→ WORK ITEM: Pictures excluded, copy all of the data below exactly.

→ DATA BELOW:
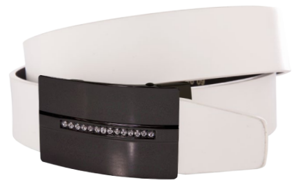
• 114121 765 White
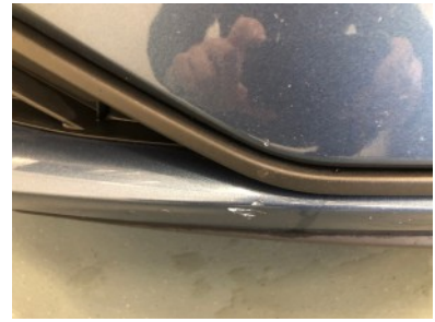
Front bumper - Stone chippings
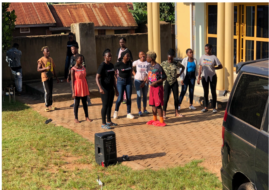
Youths practice dance routines during the TC Gala.

→ EXERCISE OUTPUT:
• 114121 765 White
Front bumper - Stone chippings
Youths practice dance routines during the TC Gala.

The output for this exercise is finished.